Judge of the Federal Court of Australia
- In office 2 February 2010 – 24 June 2025

Personal details
- Born: 1955 (age 70–71)
- Education: Sydney Girls High School University of New South Wales
- Occupation: Judge, barrister

= Anna Katzmann =

Australian judge

Anna Judith Katzmann SC (born 1955) is an Australian lawyer and a retired judge of the Federal Court of Australia.

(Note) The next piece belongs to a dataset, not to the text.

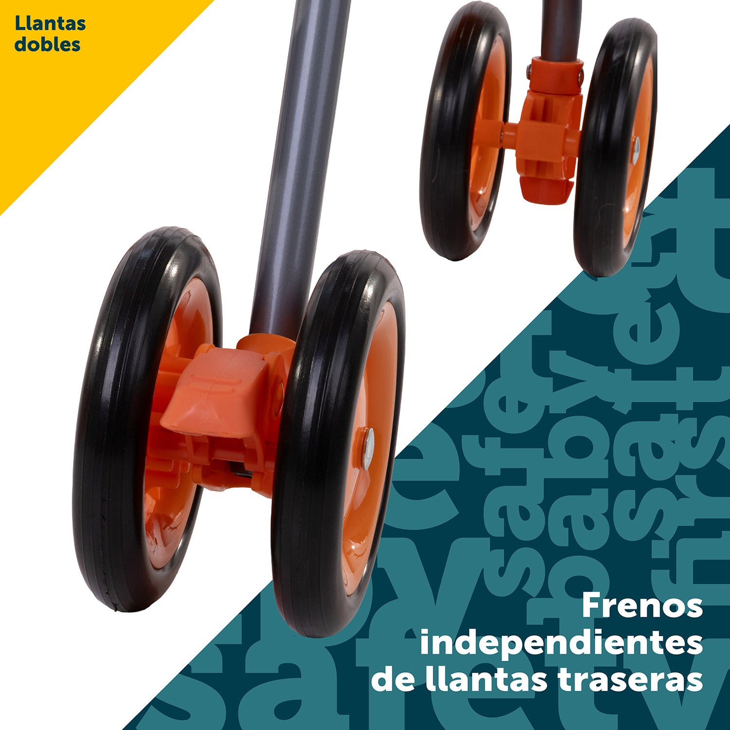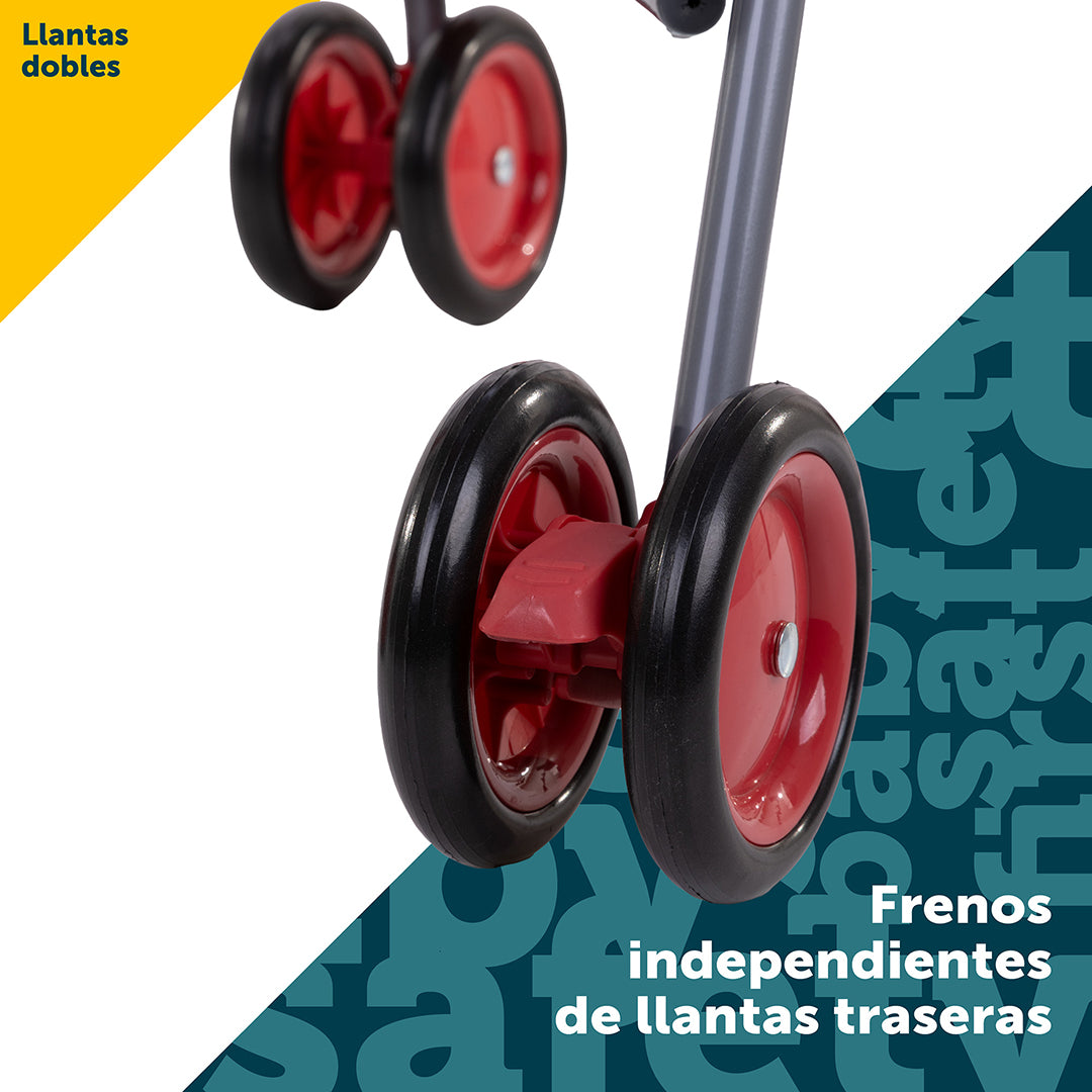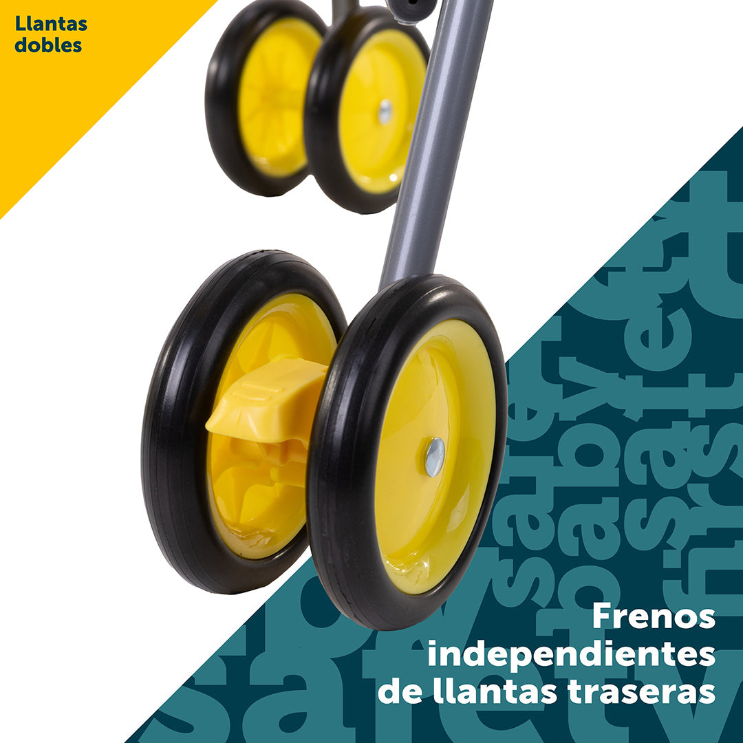 Es cómoda, con un reposapiés confortable y una capota curva que ofrece mayor cobertura en exteriores. Su plegado compacto a una mano la hace ideal para espacios reducidos y para llevar a todos lados. Además, sus llantas dobles delanteras y frenos independientes en las traseras te darán una excelente maniobrabilidad.

==Early life and education==

Katzmann grew up in the eastern suburbs of Sydney, attending Clovelly Primary School, completing her primary education at Woollahra Demonstration School. Katzmann attended the academically selective Sydney Girls High School where she was elected school captain. She studied arts and law at the University of New South Wales, graduating with a Bachelor of Laws and Honours in Arts in 1979.

==Career==
Katzmann became a barrister after graduating, also working as a lecturer at the NSW Institute of Technology. She was appointed Senior Counsel in 1997. Katzmann was elected as a member of the Bar Council continuously from 1994 until 2010, holding every position, including as president from late 2007 until 2009.

===Federal Court===
Katzmann was sworn in as a judge of the Federal Court of Australia on 2 February 2010. She served until her retirement on 24 June 2025.